Assignment:
Retype every entry word for word. Omit the pictures.

Provided material:
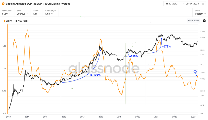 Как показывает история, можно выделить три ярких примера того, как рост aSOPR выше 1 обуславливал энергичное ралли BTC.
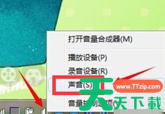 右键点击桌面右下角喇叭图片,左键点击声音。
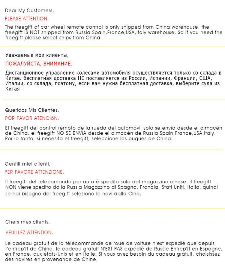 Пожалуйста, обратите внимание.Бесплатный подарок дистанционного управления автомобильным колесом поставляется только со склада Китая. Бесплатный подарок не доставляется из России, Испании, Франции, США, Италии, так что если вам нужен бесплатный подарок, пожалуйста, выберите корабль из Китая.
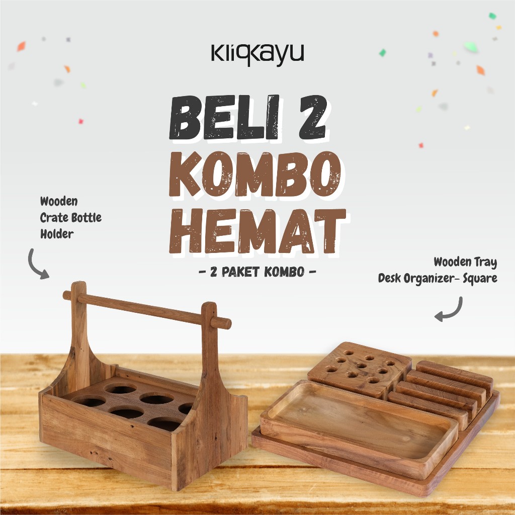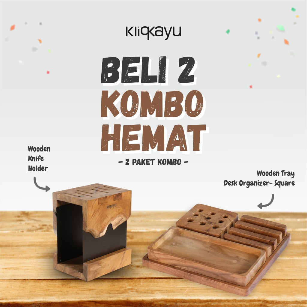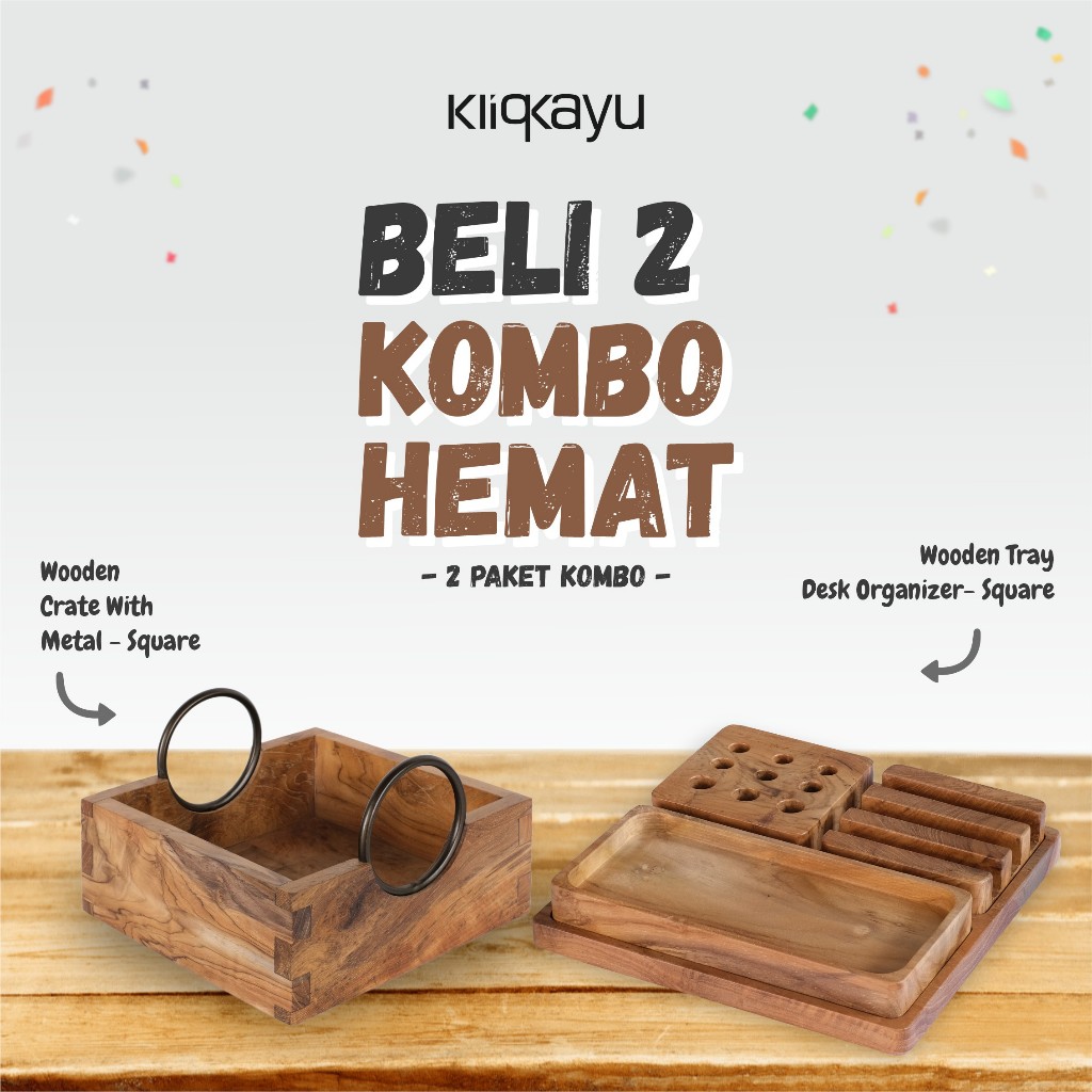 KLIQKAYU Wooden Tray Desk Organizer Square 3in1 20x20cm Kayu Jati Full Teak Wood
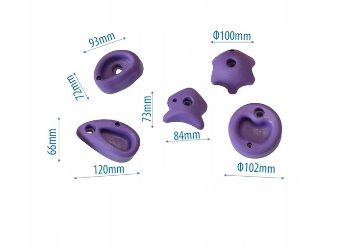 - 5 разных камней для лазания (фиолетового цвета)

Problem solution:
 Как показывает история, можно выделить три ярких примера того, как рост aSOPR выше 1 обуславливал энергичное ралли BTC.
 右键点击桌面右下角喇叭图片,左键点击声音。
 Пожалуйста, обратите внимание.Бесплатный подарок дистанционного управления автомобильным колесом поставляется только со склада Китая. Бесплатный подарок не доставляется из России, Испании, Франции, США, Италии, так что если вам нужен бесплатный подарок, пожалуйста, выберите корабль из Китая.
 KLIQKAYU Wooden Tray Desk Organizer Square 3in1 20x20cm Kayu Jati Full Teak Wood
 - 5 разных камней для лазания (фиолетового цвета)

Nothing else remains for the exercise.